[[ Data to use, beginning ]]
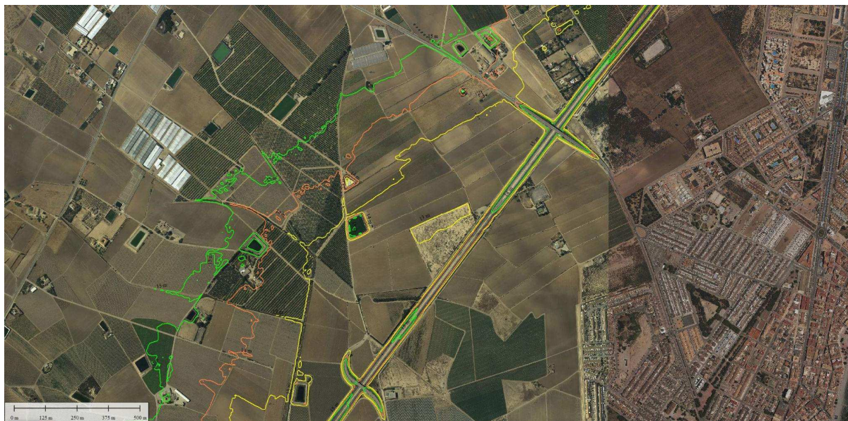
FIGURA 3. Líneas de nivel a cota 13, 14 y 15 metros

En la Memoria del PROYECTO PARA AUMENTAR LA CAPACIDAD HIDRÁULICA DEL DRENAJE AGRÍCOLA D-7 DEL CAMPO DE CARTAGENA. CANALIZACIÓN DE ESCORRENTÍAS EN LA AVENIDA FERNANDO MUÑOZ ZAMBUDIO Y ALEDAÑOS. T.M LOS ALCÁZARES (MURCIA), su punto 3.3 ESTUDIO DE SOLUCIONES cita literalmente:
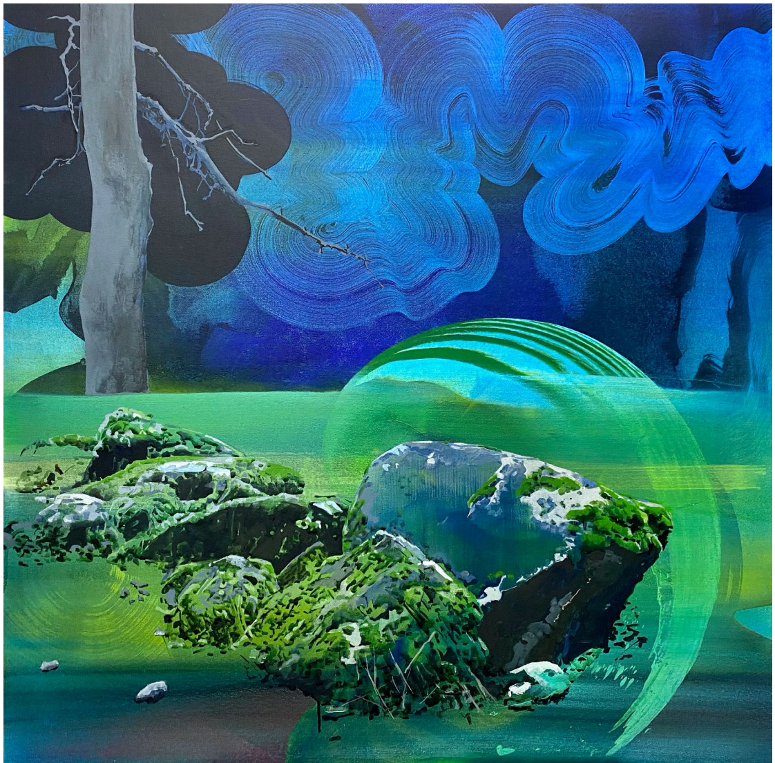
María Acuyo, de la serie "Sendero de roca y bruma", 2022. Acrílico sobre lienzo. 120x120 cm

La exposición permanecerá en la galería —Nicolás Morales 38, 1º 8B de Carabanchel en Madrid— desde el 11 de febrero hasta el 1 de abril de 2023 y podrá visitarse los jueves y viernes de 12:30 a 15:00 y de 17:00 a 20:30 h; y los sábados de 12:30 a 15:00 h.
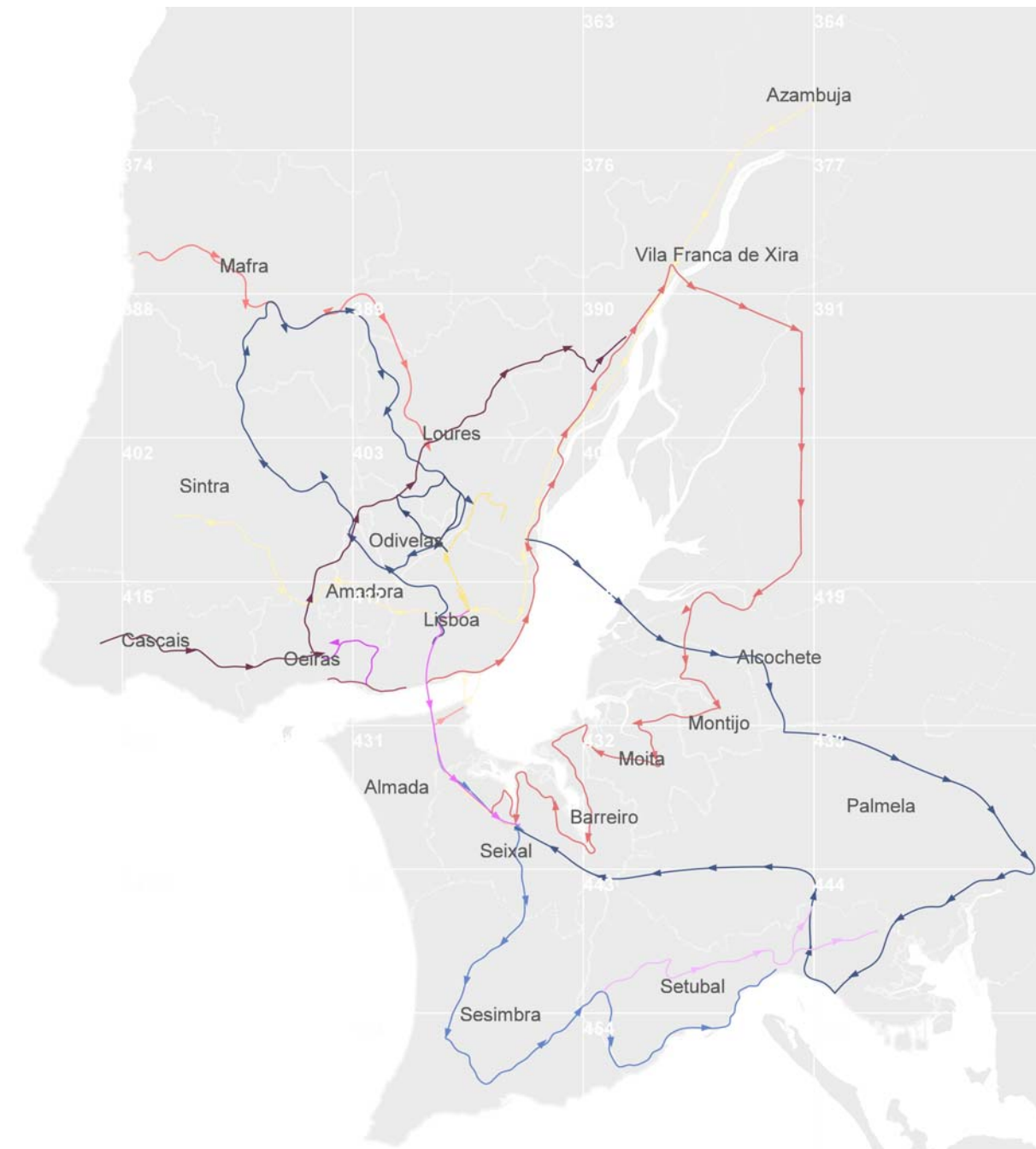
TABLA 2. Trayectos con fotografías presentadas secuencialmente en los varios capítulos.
[[ Data to use, end ]]
[[ Data to use, beginning ]]
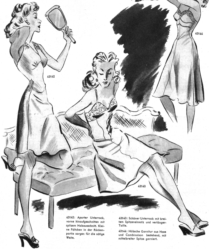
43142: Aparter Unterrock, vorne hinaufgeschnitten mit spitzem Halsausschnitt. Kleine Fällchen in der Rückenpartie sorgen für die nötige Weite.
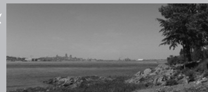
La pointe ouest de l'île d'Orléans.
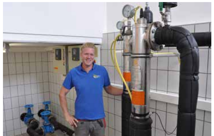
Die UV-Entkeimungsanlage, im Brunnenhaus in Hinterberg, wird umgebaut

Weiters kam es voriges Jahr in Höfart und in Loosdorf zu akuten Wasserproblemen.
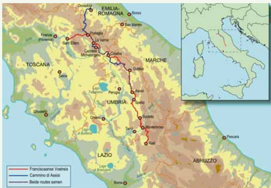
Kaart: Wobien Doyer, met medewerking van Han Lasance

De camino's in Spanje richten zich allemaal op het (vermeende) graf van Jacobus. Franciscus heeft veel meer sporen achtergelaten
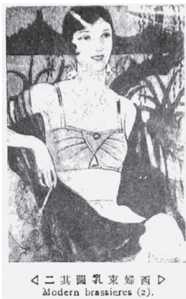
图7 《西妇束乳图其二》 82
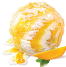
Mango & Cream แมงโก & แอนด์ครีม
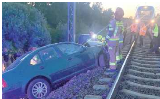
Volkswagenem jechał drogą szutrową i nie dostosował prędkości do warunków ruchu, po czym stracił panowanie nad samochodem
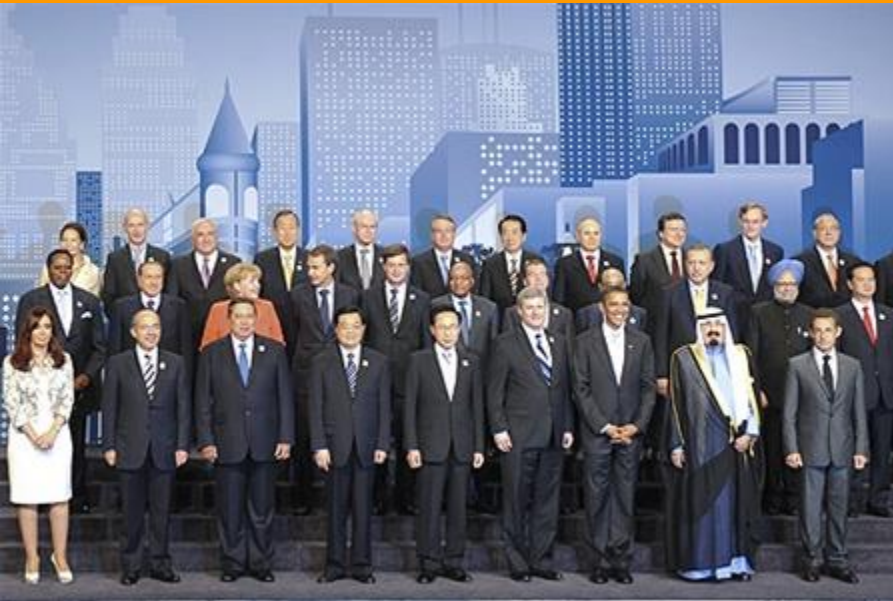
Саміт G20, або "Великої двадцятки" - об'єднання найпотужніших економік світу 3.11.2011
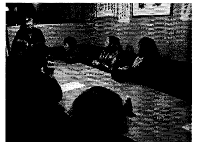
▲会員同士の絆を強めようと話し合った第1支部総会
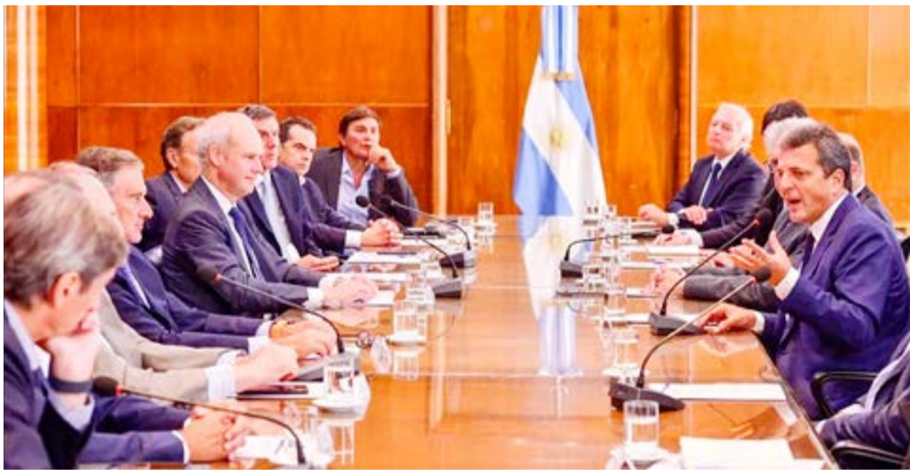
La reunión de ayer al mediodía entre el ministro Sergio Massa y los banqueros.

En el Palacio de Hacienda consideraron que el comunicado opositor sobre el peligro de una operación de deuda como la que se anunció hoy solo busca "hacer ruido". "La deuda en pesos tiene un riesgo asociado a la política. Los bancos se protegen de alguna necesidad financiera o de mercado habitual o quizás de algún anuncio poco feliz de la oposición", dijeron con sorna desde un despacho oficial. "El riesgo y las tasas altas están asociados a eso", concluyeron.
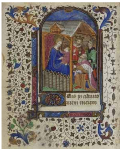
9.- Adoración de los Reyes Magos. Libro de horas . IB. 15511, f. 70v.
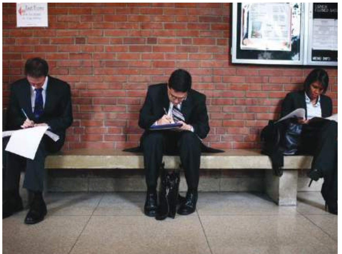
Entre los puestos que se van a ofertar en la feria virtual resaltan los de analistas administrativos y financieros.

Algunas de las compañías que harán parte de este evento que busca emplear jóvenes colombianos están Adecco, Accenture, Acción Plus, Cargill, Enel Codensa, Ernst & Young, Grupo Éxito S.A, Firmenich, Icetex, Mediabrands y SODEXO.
[[ Data to use, end ]]
[[ Data to use, beginning ]]
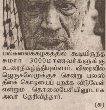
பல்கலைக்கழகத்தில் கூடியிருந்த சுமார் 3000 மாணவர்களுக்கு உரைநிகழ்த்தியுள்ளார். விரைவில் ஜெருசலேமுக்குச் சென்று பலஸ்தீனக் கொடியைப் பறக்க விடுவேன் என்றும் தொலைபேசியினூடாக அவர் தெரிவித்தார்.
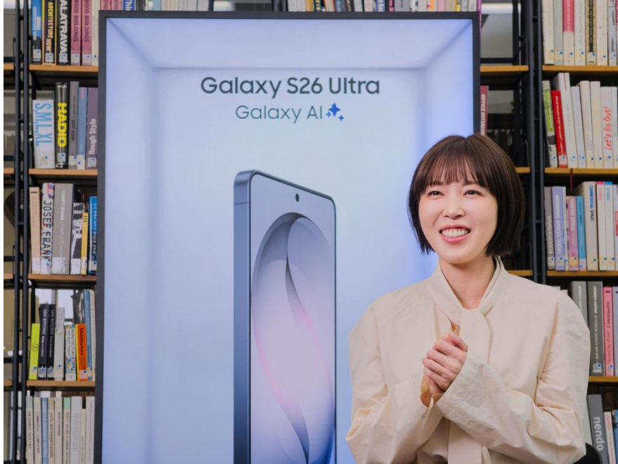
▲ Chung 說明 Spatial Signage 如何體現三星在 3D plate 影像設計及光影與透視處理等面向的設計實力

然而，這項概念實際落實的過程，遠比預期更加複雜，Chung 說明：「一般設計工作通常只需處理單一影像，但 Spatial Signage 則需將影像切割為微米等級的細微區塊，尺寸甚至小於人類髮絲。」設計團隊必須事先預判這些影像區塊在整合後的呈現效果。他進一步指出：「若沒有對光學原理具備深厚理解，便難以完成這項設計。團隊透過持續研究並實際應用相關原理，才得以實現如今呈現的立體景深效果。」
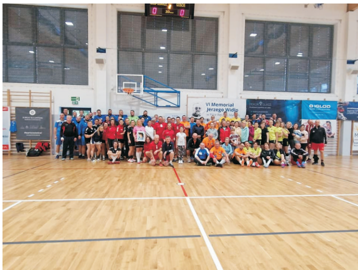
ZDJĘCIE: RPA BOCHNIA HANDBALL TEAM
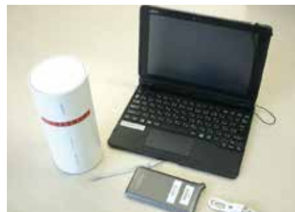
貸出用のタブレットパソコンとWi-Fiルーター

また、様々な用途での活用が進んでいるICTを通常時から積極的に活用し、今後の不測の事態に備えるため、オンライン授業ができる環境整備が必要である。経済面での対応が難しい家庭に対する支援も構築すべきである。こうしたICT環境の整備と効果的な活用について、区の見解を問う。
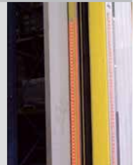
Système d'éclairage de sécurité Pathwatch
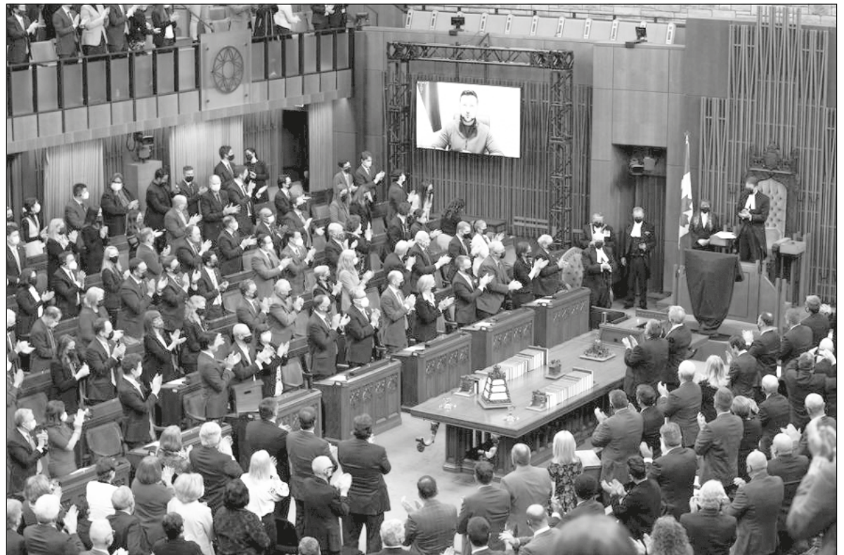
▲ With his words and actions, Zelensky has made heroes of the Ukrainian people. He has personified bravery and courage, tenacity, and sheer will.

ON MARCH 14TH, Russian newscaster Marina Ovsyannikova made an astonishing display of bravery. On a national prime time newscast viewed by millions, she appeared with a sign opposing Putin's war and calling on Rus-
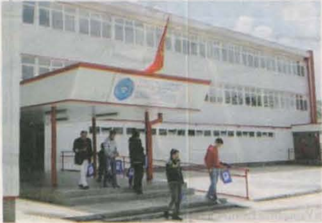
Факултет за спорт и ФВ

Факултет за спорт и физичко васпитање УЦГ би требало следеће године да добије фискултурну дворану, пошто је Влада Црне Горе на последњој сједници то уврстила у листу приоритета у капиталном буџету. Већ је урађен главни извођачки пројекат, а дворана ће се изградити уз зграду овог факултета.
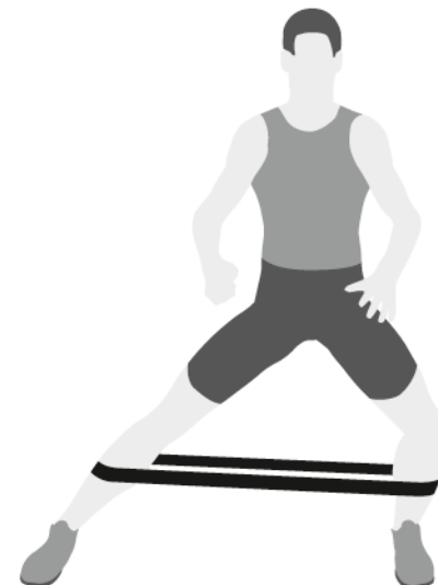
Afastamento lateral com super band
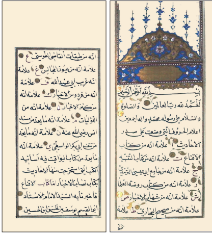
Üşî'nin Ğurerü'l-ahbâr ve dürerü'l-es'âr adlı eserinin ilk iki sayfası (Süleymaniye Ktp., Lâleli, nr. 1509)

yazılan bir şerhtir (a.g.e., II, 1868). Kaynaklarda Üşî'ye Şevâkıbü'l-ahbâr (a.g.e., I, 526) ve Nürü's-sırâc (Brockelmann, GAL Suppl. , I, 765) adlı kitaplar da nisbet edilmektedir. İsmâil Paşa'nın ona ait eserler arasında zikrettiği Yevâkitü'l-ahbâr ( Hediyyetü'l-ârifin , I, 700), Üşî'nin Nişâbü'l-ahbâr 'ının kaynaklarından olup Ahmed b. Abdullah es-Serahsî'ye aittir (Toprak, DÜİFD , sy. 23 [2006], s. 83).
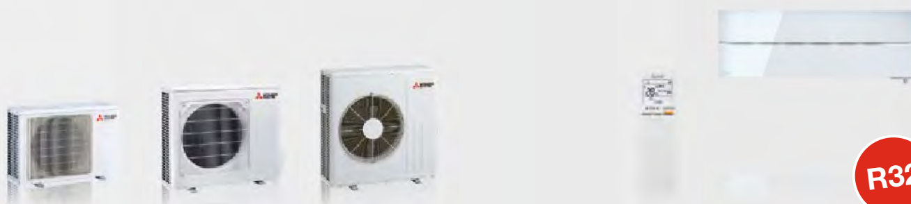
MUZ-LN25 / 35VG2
[[ Data to use, end ]]
• _About this exercise_:
Scan the entries above for the string "sobre" and copy each line containing it.

• _Written solution_:
María Acuyo, de la serie "Sendero de roca y bruma", 2022. Acrílico sobre lienzo. 120x120 cm
En el Palacio de Hacienda consideraron que el comunicado opositor sobre el peligro de una operación de deuda como la que se anunció hoy solo busca "hacer ruido". "La deuda en pesos tiene un riesgo asociado a la política. Los bancos se protegen de alguna necesidad financiera o de mercado habitual o quizás de algún anuncio poco feliz de la oposición", dijeron con sorna desde un despacho oficial. "El riesgo y las tasas altas están asociados a eso", concluyeron.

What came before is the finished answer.